A eleição trazida pelo roteiro é para o senado da Califórnia. Crocker Jarmon, do partido Republicano, é um populista carismático que, a par da fragilidade do sistema, fez da vida pública uma carreira longínqua, pretendendo estender seu mandato por mais 18 anos. Ao longo do filme, Jarmon não diz nada que uma criança recém alfabetizada não seria capaz. Todavia, ele tem a pose, a entonação, a retórica e a confiança para ser considerado um líder nato. O povo não busca alguém com ideias; a obsessão é por uma figura quase paternal, que poderia ser vista em bares e mesas de sinuca. Jarmon se aproveita da ignorância geral, apostando em discursos pobres e inflamados para vencer. Eis que, do outro lado da corrida, surge um novato: Bill McKay, um advogado idealista, filho de um antigo governador. 

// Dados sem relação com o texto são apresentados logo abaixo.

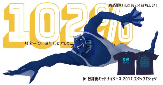 目標を達成したので、何ができるかと制作スタッフで考え、 ショートの制作数を増やす!クオリティアップ!などは、もちろん今後やっていくとして… 今回のクラウドファンディングで、直接ファンの方にお会いしたり、たくさんのコメント、ご意見いただいたり… と、やっぱり、パトロンになってくださった方々や、ファンの方々が「あ、いいね!」と思ってくださるものを提供したいと思い、それが、「スタッフT」になっちゃいましたw (安直かもしれませんが、スタッフ的にもこれがいいね!とw) もちろん、制作スタッフもこれを着て、これからも「放課後」を作っていこうと思います。 あ、みなさまの想いを背負ってって感じでしょうか?ww ということで、ラスト5日ですが、 最後まで、お付き合い、応援のほど、よろしくお願い致しますー! ※画像をクリックするとプロジェクトページに移動します。 ・「放課後ミッドナイターズ2017 スタッフTシャツ」の詳細はこちらから↓https://camp-fire.jp/projects/view/22578 ※購入する際はCAMPFIREへのアカウント登録及びログインが必要です。

Ele não hesita em afirmar: “Eu não sei”, o que denota honestidade de sua parte. McKay tem opiniões contundentes, mas nem todas devem ser expostas. “Calma. Isso é sincero, mas não leva a lugar nenhum”. Como qualquer produto, a alma do negócio é a propaganda. Os políticos vão às ruas para serem vistos rodeados por trabalhadores, não para escutar seus anseios – o som dos flashes das câmeras é um bom sinal. Basta editar parte da fala, colocar uma narração imponente e elaborar um slogan chamativo. Qualquer ser humano minimamente educado e disposto a vender a alma pode vir a assumir um importante cargo político. É sobre decorar um discurso bonito, abotoar o paletó e mesclar firmeza e carisma. McKay, no início, urge pelo direito de falar aquilo que pensa. Isso não vende; simplesmente porque não é atraente aos olhos de quem quer ser alimentado com a mesma porcaria de sempre. No duelo entre boas intenções e boa performance, a performance sempre prevalecerá. O jogo vira quando McKay, aconselhado por seus marqueteiros, percebe que precisa vestir a máscara do político, da celebridade que está sujeita a abraços e a agressões. Mais do que isso: o protagonista chega ao patamar de Jarmon, tornando-se a personificação do candidato Democrata – o bom moço que chama a atenção por sua aparência e educação. 

A sequência em que McKay tem uma crise de riso em meio a uma fala televisiva marca a sua transformação. Assemelha-se a uma esquete do Porta dos Fundos, mas é um retrato fidedigno da política do país mais poderoso do mundo. O mesmo vale para a cena em que ele repete para si o discurso decorado, com destaque para o slogan mais genérico possível: “Um jeito melhor”. Como mencionei, Ritchie investe num realismo intenso, apresentando os bastidores de debates, comícios e coberturas jornalísticas. “The Candidate” é um filme de caráter informativo que jamais perde a capacidade de entreter o espectador, deixando, no fim, um gosto amargo, de desesperança. E depois da longa campanha? O que acontece? 

Robert Redford surge contido e, aos poucos, ganha em carisma e “malandragem”. Muita coisa passa pela cabeça do protagonista e Redford é hábil para traduzir tais questionamentos em expressões corporais, não palavras. “The Candidate” merece aplausos por seu compromisso com a autenticidade.